Oak slugworms are the larvae of a sawfly. The adult sawflies have black bodies about 7-8mm long and two pairs of blackish transparent wings, they emerge during spring. They are part of the biodiversity healthy trees support. 

Eggs are laid on the foliage and they hatch into larvae that are pale green with a slimy slug-like appearance. Their bodies are translucent and the gut contents can often be seen as a dark green line inside the body. The larvae grow to a length of about 12mm and are somewhat club-shaped with the head end being swollen. When fully fed the larvae go into the soil to pupate.

There are two generations of larvae a year between May and August. The second generation in mid to late summer can be the most noticable. In some years there is a third generation of caterpillars in the autumn. Larvae that complete their feeding late in the year overwinter in cocoons in the soil and adults emerge in spring the following year.

Symptoms

The larvae do not make holes in the leaves but graze away the leaf surface until only the epidermis remains. Damaged areas dry up and become white or pale brown; this type of damage is sometimes known as window paining.

This species is primarily found on oak (Quercus) and lime (Tilia) trees.
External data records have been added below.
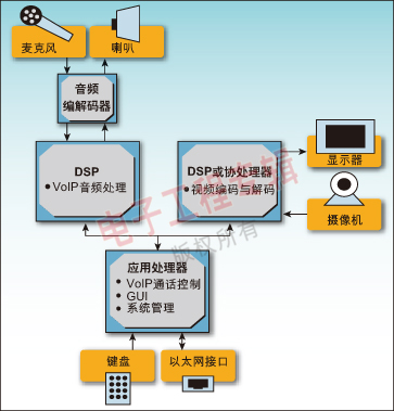 當(dāng)今應(yīng)用處理器的處理能力的增加使得我們能使用先進(jìn)的操作系統(tǒng)環(huán)境,例如嵌入式Linux來有效地將V2IP系統(tǒng)中需要的控制和媒體處理進(jìn)行劃分。這反過來又使得使用單一處理器和工具鏈的軟件開發(fā)更加簡(jiǎn)單,由于減少了一個(gè)或更多的昂貴DSP而降低了成本。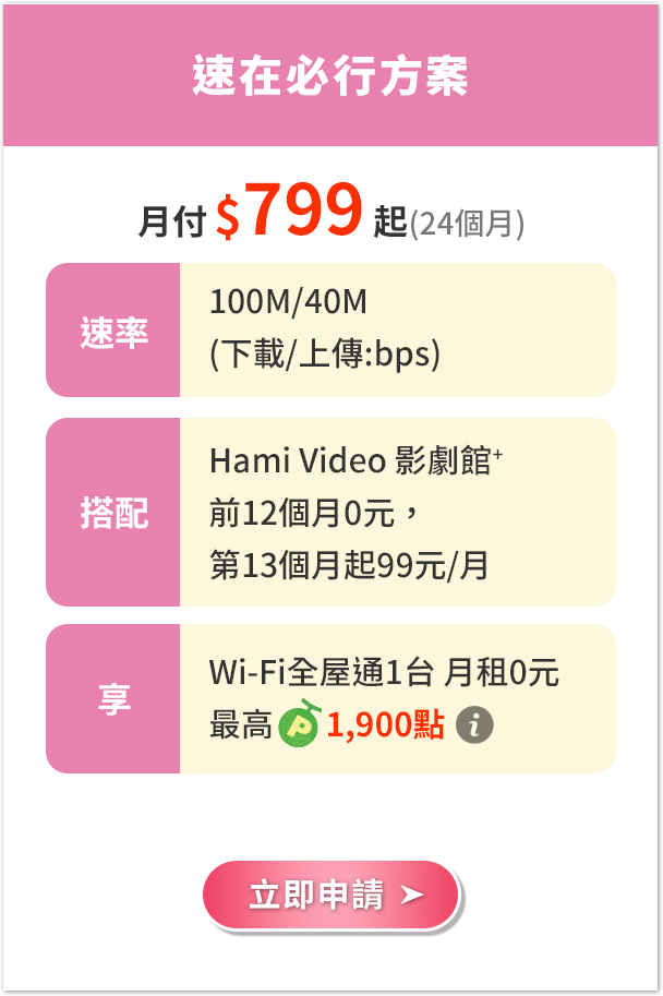 適用業務 新申請/升速HiNet光世代100M(含)以上速在必行/MOD家速/速在有禮/短期租用/Hami Cam整合方案(不含透過專人聯絡方式申請) *註1:續約申請精采5G月繳599(含)24個月以上方案(含購機/贈點/單門號),須為平續(含)以上資費方案(不低於原資費) 。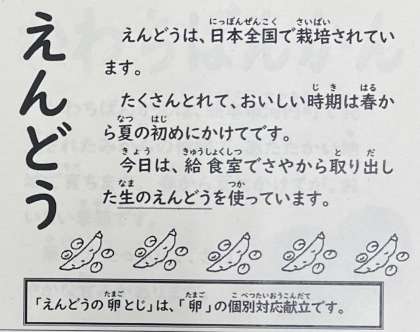 今日の給食の献立は、赤魚のしょうゆだれかけ、みそ汁、えんどうの卵とじ、ごはん、牛乳です。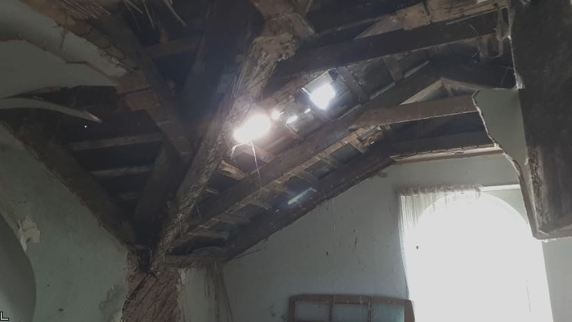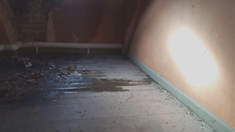 - Det er jo et tag, der skulle have været skiftet for lang tid siden. Der ligger decideret vand på gulvet. Det er forsøgt lappet med skum, men det gør det kun værre. Skum suger vand til sig og leder det ned til trækonstruktionen og danner råd og svamp. Det er en helt forkert måde at udbedre det på, siger han.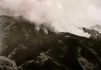 Le feu de forêt a brûlé 690 hectares de forêt ancienne dominée par sapins Douglas sur les pentes ouest de la montagne Clayton. Au moment où la tempête a eu lieu, les températures étaient d'environ 32 °C et l'humidité relative était de seulement 6 %. Bien que la plupart des pompiers se composait de personnes du Civilian Conservation Corps (CCC), ils ont été dirigés par le Service des forêts des États-Unis (USFS) plus expérimenté. Les pompiers, dans la première moitié du XXe siècle, ont principalement utilisés des outils à main pour stopper les feux de forêt et tout le matériel a été transporté par des bêtes de somme ou par les pompiers eux-mêmes. Les prévisions météorologiques et les communications radio étaient généralement faibles ou inexistantes.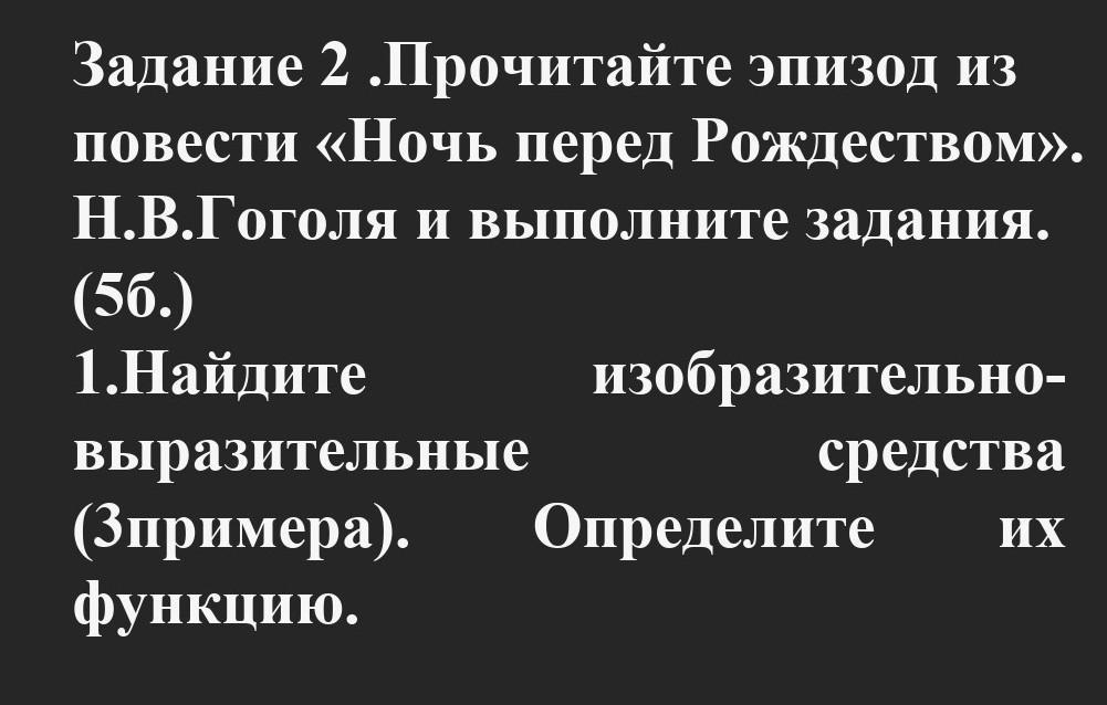 Объяснение: Ну смотри тебе прочитать эпизод из Гоголя " Ночь перед Рождеством". И выполнить задание. Когда прочитаешь текст найдёшь изобразитильно - выразительные средства. Ну это выразительные средства это можно понять как: эпитеты, сравнение, метафоры гиперболы и олицетворение. Например: Эпитеты - это прилагательные. Кот средний, а мышка маленькая. Сравнение - это когда с чем - то сравниваешь. Змея длинная, и похожа на длинную верёвку. Ну и т.д. остальное найдёшь в интернете надеюсь помогла) С хорошими тебе оценками с 5!)

Occasionally birch (Betula) and willow (Salix) trees are also hosts.

Other species of slugworm cause similar effects on pear, cherry, and roses.

Control

Oak slugworm is part of the biodiversity healthy host trees support. Heavy populations are uncommon and although the damage to trees may appear alarming, the tree will survive and in the year following a heavy damage, they will usually produce normal leaves. There is unlikely to be any long term effect on the tree's health.

Natural enemies play an important part in the natural balance of a garden and in most years will keep slugworms at a relatively low level. These natural enemies are very susceptible to insecticides. Host trees may have suffered a check in growth as a result of a heavy defoliation but it will only be badly affected if severe it occurs early in the growing season and in successive years.